2.5. Gene Structure Analysis

The exon/intron organization for each phylogenetic group was illustrated using the Gene structure display server (GSDS) program (http://gsds.cbi.pku.edu.cn/ accessed on 10 February 2022), by aligning the coding and genomic sequences obtained from Phytozome. Introns were classified based on the structure in the genome, including phase, length, and number. A UGT intron map was constructed in accordance with a previously established method [18,23]. The insertion events were serially numbered as I-1 to I-10, according to their positions [18,25]. The splice sites of intron-containing UGTs were mapped onto all aligned sequences of intron-containing UGT peptides using the PIECE web tool (https://wheat.pw.usda.gov/piece/ accessed on 11 February 2022). The gene structure of putative UGTs was also compared with other UGTs from Arabidopsis, P. persica, M. domestica, V. vinifera, L. usitatissimum, Glycine max, and Gossypium raimondii using the PIECE webtool. The gene structure was compared based on PFAM domain PF00201.

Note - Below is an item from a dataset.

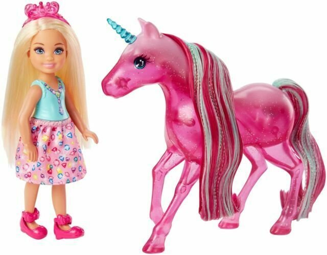 Chelsea doll and her unicorn friend make dreams come true together! When Chelsea doll enters Barbie Dreamtopia, she enters a world where unicorns can be a best friend. This pretty pink unicorn from the kingdom of Sparkle Mountain sparks imaginations with a translucent glittery body, a bright teal unicorn horn and a mane and tail with long pink and teal hair. Kids will want to hop on and let their stories take off. Chelsea doll is ready for adventure in a colorful outfit that celebrates the gem-filled kingdom: a necklace is detailed on her teal bodice, a colorful gemstone print decorates her pink skirt, her pink shoes have bows and a pink bow headband tops the sparkling look. Young imaginations can tell all kinds of tales with Chelsea doll and her unicorn friend because when you enter Dreamtopia with sisters Barbie and Chelsea, you wake up to a world where dreams become reality! Collect all of the Barbie Dreamtopia dolls and accessories and let your dreams take flight (each sold separately, subject to availability). Includes Chelsea doll wearing fashion and accessories, plus unicorn. Colors and decorations may vary. Ideal for ages 3 years and up.

2.6. Digital Expression Analysis

Microarray data of the putative UGTs in different tissues, such as leaves, phloem/cambium, roots, petioles, twigs, buds, flowers, and suckers, were obtained from the popgenie database using the Asp201 EA Affymetrix dataset. A heatmap of the data was generated with distance function (Euclidean) and hierarchical clustering (Average), using the exHeatmap tool on the popgenie website. The same Affymetrix dataset was used to check the expression of these UGT genes under different conditions, such as drought, heat, cold and salt stresses. A heatmap was generated using the previously mentioned conditions.

2.7. RNA Sequencing based UGTs Model in Tissues and under Drought Stress

Digital expression of all UGTs related to their maximum varied expression under drought conditions was further evaluated using RNA sequence data taken from [60]. The 24,013 transcripts were analyzed from non-stressed (control) and drought-stressed leaves of Populus euphratica, and we retained those with transcripts per kilobase million (TPM) values of one to maximum in both control and drought-stressed samples [60]. On average, a 1128-bp length was recorded for the yielded transcripts after assembly [60]. Normalized TPM values were calculated for all expressed UGTs under control and drought conditions. The TPM values of each expressed UGT under control and drought were tabulated according to their phylogenetic group and a final graph was drawn for the up-regulated and down-regulated UGTs under drought. Furthermore, RNA seq data values for tissues (leaf, root, shoot, xylem, phloem, fiber and vessel) and stresses were sourced from Plant FIBer Expression database https://ssl.cres-t.org/cgi-fibex/cluster0.cgi?sp=lu_pt (accessed on 12 February 2022) and then were visualized in the Morphus heat map tool.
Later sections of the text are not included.